Anke felt an enormous relief when she turned the corner and saw her Lexus saloon parked where she had left it. She sank into the leather seat and stretched her injured leg out straight, allowing herself a moment to rest. She eased her hand up the back of her boot and felt the wet leather. When she got back to the apartment she was going to have to stitch the wound, which, given its position, would not be easy.
Leaning her head back against the seat, Anke closed her eyes for a moment. She turned suddenly when she heard someone knocking on the side window.
Anke smiled and slid the window open. She assessed the situation: young policewoman – very young – alone, foot patrol, inexperienced. Every one else hunting the killer from the Alsterpark.
‘Is this your vehicle?’
‘Yes, it is. Is there a problem?’
‘You’ve been parked here too long. I’ll have to give you a ticket. What’s your name, please?’
You’re checking my name against the database, thought Anke. You’ve already radioed in the index number. It’ll be flagged up later. Her identity, her address, all compromised.
‘Jana Eigen.’ She gave the name she’d been living under for the last ten years. A name that had become as real to her as Anke Wollner. Now it was lost.
‘May I see your ID card and driver’s licence?’ The young policewoman was trying hard to project authority. Anke estimated she was no older than twenty-three; pretty, with dark hair under the police cap. Her blue police jacket was a size too big for her, giving her an almost childlike appearance.

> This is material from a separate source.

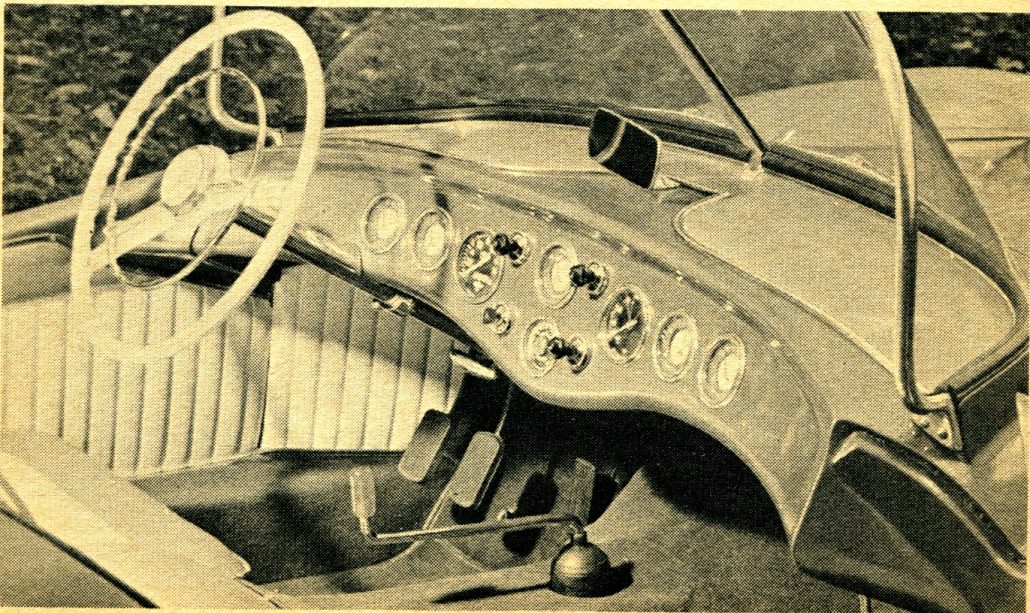 The instruments are mainly Stewart-Warner and some are from an AutoCar truck panel. The steering is from a ’55 Nash while the steering wheel is from a 190 Mercedes-Benz. The interior of the car was cut and fitted by the owner and sewn by Al Minninghausen, an upholster of Mt. Holly, New Jersey.

‘Sure,’ said Anke, reaching into the shoulder bag sitting next to her on the passenger seat. ‘Here it is.’
Anke’s first shot hit the policewoman in the throat. She dropped beside the car. Anke swung the door open but it jammed against the policewoman’s body and she had to squeeze out, hurting her leg as she did so. The young policewoman was face down, the oversized blue waterproof jacket bunched up like a turtle’s carapace with the word POLIZEI emblazoned on it in white. A sickeningly wet gurgling sound issued from her and she was trying to crawl away. Anke fired a second round into the back of the policewoman’s head and she lay still. There were screams from onlookers and Anke knew that she’d have to move fast. The policewoman’s body obstructed the car so Anke had to drag it out into the road. Then she jumped back in the car and sped off.
She would have to dump the car. She would have to find a safe place.
It was pretty much what Fabel had expected. Van Heiden had not been angry, nor had he lectured Fabel, but he had communicated, more by silences than words, that things could not be worse and, if the axe fell, then it would fall squarely on Fabel’s neck.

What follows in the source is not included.